I regularly use cloud resources (AWS and GCP) both in my day job and for personal projects but recently I have been finding that having to spin up a cloud instance for quick analysis can be tedious, even when making use of tools for reproducibility like docker. This is particularly the case for self-learning when spending money on cloud resources feels wasteful, especially when I have half an eye on something else (i.e the TV). Often I find that this leads me to not look at the things that I am interested in, although this could also just be my own lack of motivation!
It seemed sensible to finally bite the bullet and build a local workstation that could handle all the compute tasks I can throw at it (up to a point obviously). At the moment I am looking to further explore P-MCMC methods, Deep learning and get involved in a few kaggle competitions. These needs inform my parts choices below.
- A high core number for compute intensive CPU tasks that can easily be parallel enabled such as Sequential Monte Carlo and distributed machine learning (
- Good single core CPU performance as many tasks are natively single core (i.e R).
- Enough RAM to support the CPU cores but this is an area that I could economise as more RAM can be added at a later date. Typically 2Gbs per core is the minimum.
- A GPU with good support and sufficient power to do meaningful deep learning. As of my current reading this essentially means a Nvidia GPU.
- A fast hard drive but a large one is not needed as only the data currently used in analysis needs to be stored (on top of the OS and applications).
Knowing nothing about building PCs, or PC components, I started using a suggested build on pcpartpicker for streaming and editing. This was a good match as editing/streaming require a larger core number than other use cases, whilst still needing a strong GPU. From here, I went through each part in turn and reviewed the alternatives. The main resources that I used for PC part reviews and thoughts were: the thewirecutter, anandtech and tomshardware.
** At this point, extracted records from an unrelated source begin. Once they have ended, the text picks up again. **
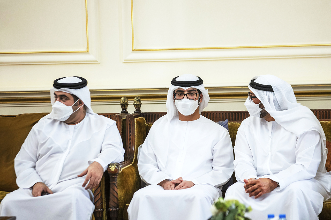 وقدم واجب العزاء إلى جانب سموه، الشيخ سلطان بن حمدان بن زايد آل نهيان سفير الدولة لدى مملكة البحرين، والشيخ محمد بن حمدان بن زايد آل نهيان،
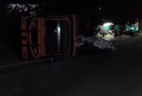 Tak Kuat Nanjak, Truk Pengangkut Pupuk Subsidi di Pandeglang Terguling
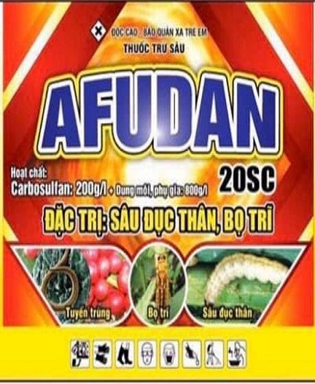 CÔNG DỤNG:AFUDAN 20SC là thuốc trừ sâu dạng dầu, hòa tan hấp thụ tốt và loang trái đều. Thuốc có tác động lưu dần, tiếp xúc và vị độc cực mạnh. Phòng trừ rộng, đặc trị các loại sâu, sâu đục thân, bọ trĩ khó trị trên các loại cây trồng.THÀNH PHẦN:Carbosulfan 200g/lDung môi, phụ gia 800g/lHƯỚNG DẪN SỬ DỤNG:Lúa (sâu đục t

From this reading, I settled on a Threadripper CPU from the previous generation as this provided 16 cores, relatively good single core performance and some scope for further overclocking. Another viable option was the current generation Threadripper, which has improved speed and better automatic overclocking but ultimately I decided that the cost/benefit didn’t make sense. The choice of CPU dictated the motherboard choice, which I selected based on the parametric filters pcpartpicker provides (a real lifesaver). As the Threadrippers are very heat intensive I went with a water cooler for the CPU (Note: I probably should have chosen a bigger radiator here for more cooling), again selected based on the parametric filters + reviews. I went with 32GB of 3200 Mhz RAM as the minimum required for this many CPU cores, with a good balance of speed and price. I chose the Nvidia RTX 2070 Windforce for GPU after looking at some benchmarks and because the 2080 was dramatically more expensive. The Windforce also comes with a slightly higher clock speed than other entry level 2070s along with 3 fans for additional cooling. Finally, I chose the best reviewed M2 SSD that I could find as the read/write speeds are dramatically faster than traditional SSDs, going with a smaller disk size (500 Gb) to minimise the cost. The final parts list is here.
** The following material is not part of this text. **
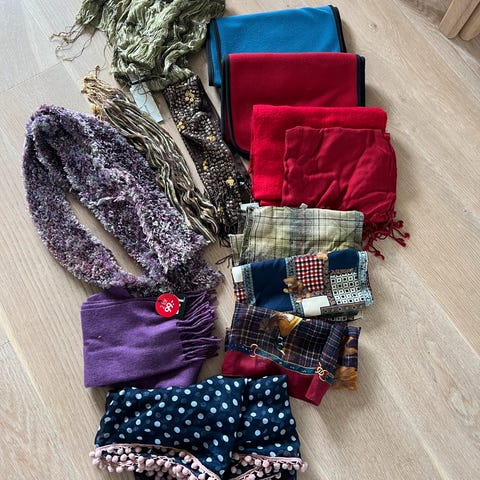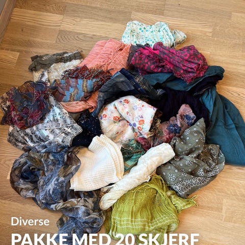 Pakke med 10 ulike skjerf. Fremstår som nye.

I was slightly nervous about the build process but after reading the manuals for all of the parts (quite dull - the motherboard and case manuals turned out to be the most helpful) and watching multiple youtube videos going through the PC building process (there are lots of great channels providing great resources) it went without a hitch. In brief the build process boiled down to the following.
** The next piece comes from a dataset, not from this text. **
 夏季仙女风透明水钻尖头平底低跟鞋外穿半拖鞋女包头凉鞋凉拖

- Installing the CPU into the motherboard
- Installing the RAM into the motherboard
- Installing the SSD into the motherboard (as using an M.2 SSD).
- Installing the motherboard into the case
- Adding the CPU cooler to the case
- Plugging the fans into the correct motherboard sockets
- Plugging the case ports into the motherboard
- Installing the GPU into the motherboard
- Installing the power supply and linking up the power connections
This all sounds very simple and, amazingly, it really was. After going through this process over a few hours (most of the time was spent looking for screws and getting confused over which instruction manual to use), all the parts were installed and everything powered up correctly (having RGB was very reassuring here).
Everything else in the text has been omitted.